Could the data below be printed out exactly, with the pictures left out?

RECORDED DATA:
-- -- --

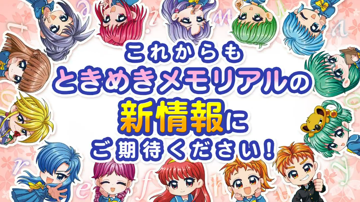 Furthermore, a video including the same text was included with the post. Various key characters from the first Tokimeki Memorial game appear on it, as well as an instrumental version of the opening theme song of the Tokimeki Memorial: Forever With You updated release of the game.
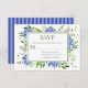 This charming and elegant RSVP card with beautiful, wispy, multi-hued blue hydrangeas and stunning green foliage and coordinating blue striped back is perfect for enclosing with your invitations. Your guests will find it easy to respond to your engagement party. You can easily make it your own by selecting Personalise this template and typing in your response deadline. In seconds you will see your unique and stunning RSVP cards!
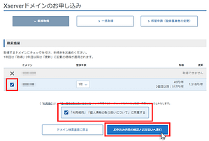 希望のプランを選択して「利用する」にチェックを入れて<XServerアカウントの登録へ進む>を選択します。

-- -- --

RESPONSE:
 Furthermore, a video including the same text was included with the post. Various key characters from the first Tokimeki Memorial game appear on it, as well as an instrumental version of the opening theme song of the Tokimeki Memorial: Forever With You updated release of the game.
 This charming and elegant RSVP card with beautiful, wispy, multi-hued blue hydrangeas and stunning green foliage and coordinating blue striped back is perfect for enclosing with your invitations. Your guests will find it easy to respond to your engagement party. You can easily make it your own by selecting Personalise this template and typing in your response deadline. In seconds you will see your unique and stunning RSVP cards!
 希望のプランを選択して「利用する」にチェックを入れて<XServerアカウントの登録へ進む>を選択します。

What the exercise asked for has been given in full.